Additionally Vault Raft Snapshot Agent supports static configuration via environment variables alongside its configuration file:

In contrast to values specified via the configuration file, these environment variables are read once at startup only and the configuration will not be reloaded when their values change, except those specified as external property sources/Secret below which always reflect the currently configured value.

Options specified via environment-variables take precedence before the values specified in the configuration file - even those specified as external property sources/Secret!

Configuration

Vault Raft Snapshot Agent uses viper as configuration-backend, so you can write your configuration in either json, yaml or toml.

The Agent monitors the configuration-file for changes and reloads the configuration automatically when the file changes.

Example configuration (yaml)

vault:
  nodes:
    urls:
      # Url of the (leading) vault-server
      - https://vault-server:8200
  auth:
    # configures kubernetes auth
    kubernetes:
      role: "test-role"
snapshots:
  # configures how often snapshots are made, default 1h
  frequency: "4h"
  # configures how many snapshots are retained, default 0
  retain: 10
  storages:
    # configures local storage of snapshots
    local:
      path: /snapshots

(for a complete example with all configuration-options see complete.yaml)

Secrets and external property-sources

Vault Raft Snapshot allows you to specify dynamic sources for properties containing secrets which you either do not want to write into the configuration file or which might change while the agent is running. For these properties you may specify either an environment variable as source using env://<variable-name> or a file-source containing the value for the secret using file://<file-path>, where <file-path> may be either an absolute path or a path relative to the configuration file. Any value not prefixed with env:// or file:// will be used as is.

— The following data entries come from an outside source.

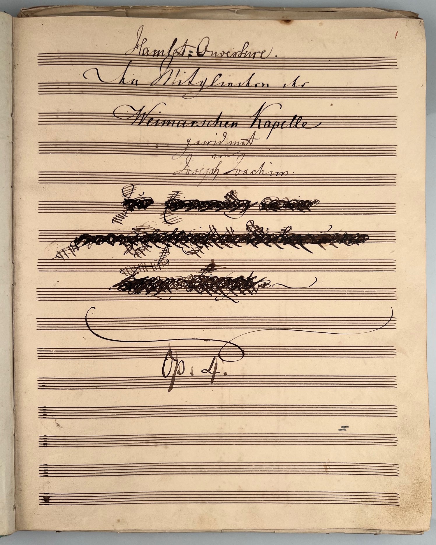 The present copy was probably made from Joachim's original manuscript of the Hamlet Overture, dated March 16, 1853, which is in the archives of the Gesellschaft der Musikfreunde in Vienna. Presumably this copy was made as early as March 1853 and was also sent to Franz Liszt on March 21.
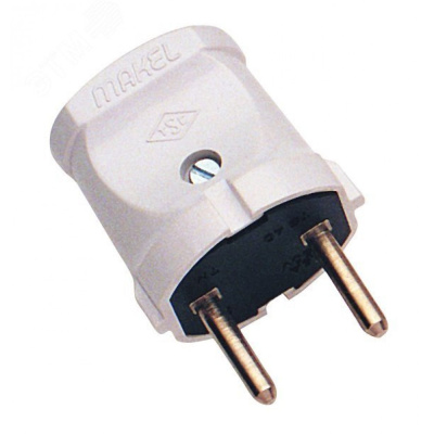Вилка электрич. без заземл. бел. MAKEL 10001 – электроустановочный аксессуар, устройство для подключения к сети, промышленного применения.
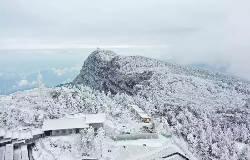 Fluttering snowflakes, undulating mountains, white sea of clouds, and Mount Emei made of powder and jade are like a fairyland !
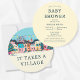 Celebrate your little one on the way with this unique round baby shower invitation featuring a charming pastel winter village and the heartfelt phrase “It takes a village.” Soft blue and yellow tones make it perfect for any gender. Customize the back with your event details, ideal for cozy seasonal gatherings or modern gender-neutral themes.
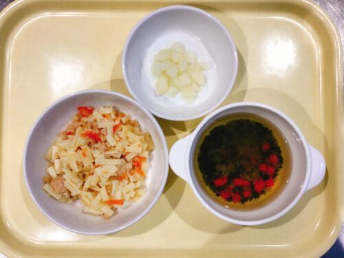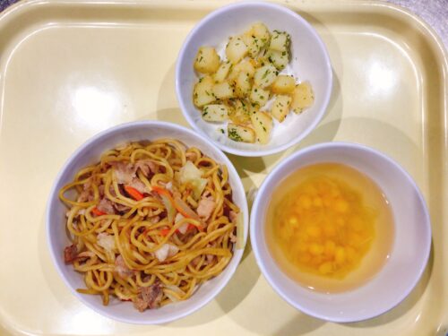 焼きそば 青のりポテト えのきのスープ(長ねぎコーン)
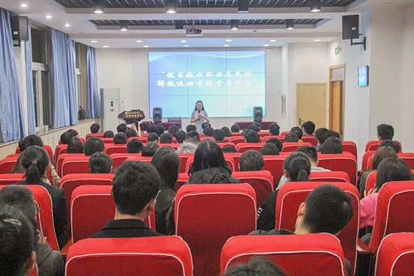 “我们都是神枪手,每一颗子弹消灭一个敌人,我们都是飞行军,哪怕那山高水又深。”耳熟能详的抗日歌曲蕴含着深刻的抗战精神。为提升学生思想觉悟,增强爱国意识,推进思想政治教育。近日,由动科学院承办的百场素质教育报告会之“抗日救亡歌曲在民族解放运动中的重要作用”于107会议室举行,西安电子科技大学周伟教授应邀担任主讲人,我校公共艺术教育中心数位教师与同学们一同参与聆听。
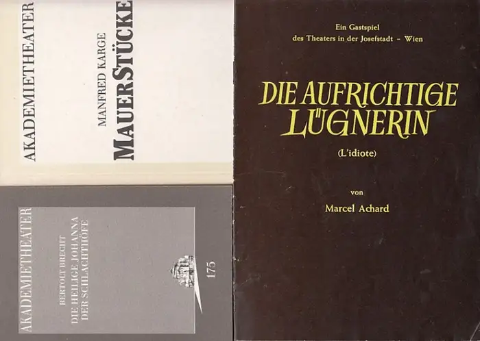 Titel: Programmheft des Akademietheaters Wien: Heft 64 "Mauerstücke" von Manfred Karge und Heft 175 "Die heilige Johanna der Schlachthöfe" von Brecht. Beigabe Theater in der Josefstadt-"Die aufrichtige Lügnerin" von Marcel Achard. Konvolut von 3 Heften
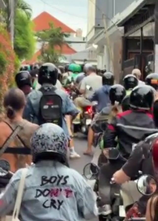 street congested with motorbikes. Most riders are wearing helmets. A woman in front wears a jacket with "BOYS DON'T CRY" printed on the back. Some riders have backpacks. Buildings are seen on both sides of the road, and foliage is visible on the left. The scene appears to be a traffic jam.
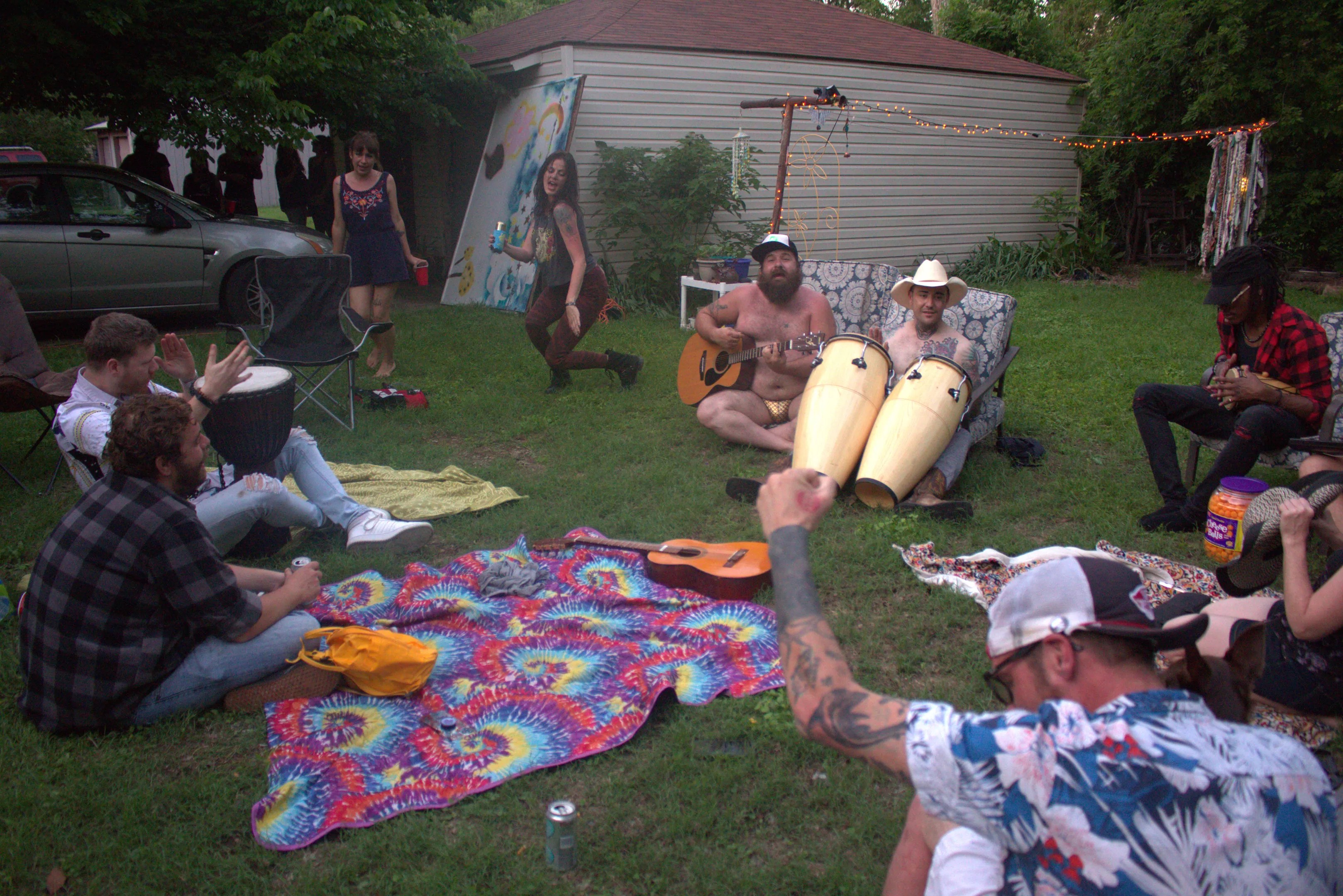 After the band arrives at the little backyard barbecue, guitar player Kyle Harper finds a nice spot on a blanket to rest his badly sunburnt body and sleep away some of the alcohol.
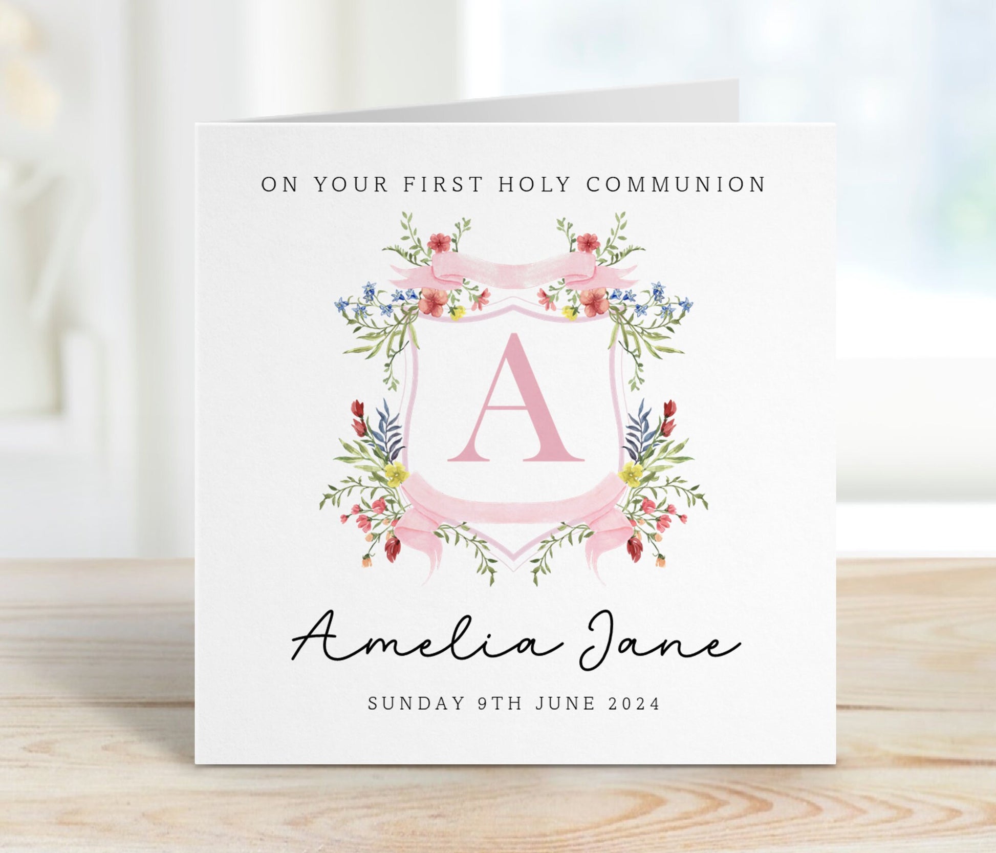 First 1st Holy Communion Card - Pink Floral Crest Initial
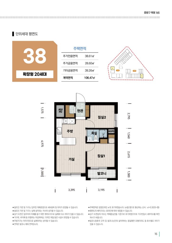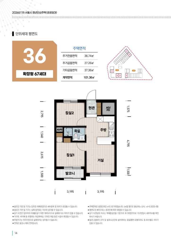 - 36 / 38형 (신혼부부 / 87세대): 침실 2개와 거실로 이루어진 2룸 구조(3베이 느낌)입니다. 신혼부부가 아이를 키우기에도 넉넉한 공간입니다. (에어컨 2대 기본 제공)
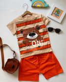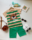ست تیشرت شلوارک راه راهی خرس one
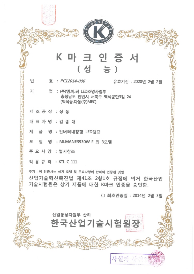인증 | K마크인증서(컨버터내장형 LED램프)

Dynamic properties are validated at startup only, so if e.g. you delete the source-file for a property required to authenticate with vault or connect to a remote storage while the agent is running, the next login to vault or upload to that storage will fail (gracefully)!

Vault configuration

vault:
  nodes:
    urls:
      -  <http(s)-urls to vault-cluster nodes>
      - ...
    autoDetectLeader: true
  insecure: <true|false>
  timeout: <duration>
Key Type Required/Default Description
nodes.urls List of URL required specifies at least one url to a vault-server
nodes.autoDetectLeader Boolean false if true the agent will ask the nodes for the url to the leader. Otherwise it will try the given urls until it finds the leader node
insecure Boolean false specifies whether insecure https connections are allowed or not. Set to true when you use self-signed certificates
timeout Duration 60s timeout for the vault-http-client; increase for large raft databases (and increase snapshots.timeout accordingly!)

Vault Leader-Detection

It is recommended to specify only a single url in vault.nodes.urls which always points to the current leader (e.g. to http(s)://vault-active.<vault-namespace>.svc.cluster.local:<vault-server service-port> when using the vault-helm chart) and to disable the automatic leader detection by not specifying nodes.autoDetectLeader or setting it to false. If automatic leader detection is enabled the response of vault's /sys/leader-api-endpoint must return a leaderAddress reachable by the agent. If you specify multiple urls in vault.nodes.urls without enabling vault.nodes.autoDetectLeader, the agent contacts each node until one reports that it is is the current leader.

Vault authentication

To allow Vault Raft Snapshot Agent to take snapshots, you must add a policy that allows read-access to the snapshot-apis. This involves the following:

  1. vault login with an admin user.
  2. Create the following policy vault policy write snapshots ./my_policies/snapshots.hcl where snapshots.hcl is:
path "/sys/storage/raft/snapshot"
{
  capabilities = ["read"]
}

The above policy is the minimum required policy to be able to generate snapshots. This policy must be associated with the app- or kubernetes-role you specify in you're configuration (see below).

Only one of the following authentication options should be specified. If multiple options are specified one of them is used with the following priority: approle, aws, azure, gcp, kubernetes, ldap, token, userpass. If no option is specified, Vault Raft Snapshot Agent tries to access vault unauthenticated (which should fail outside of test- or develop-environments)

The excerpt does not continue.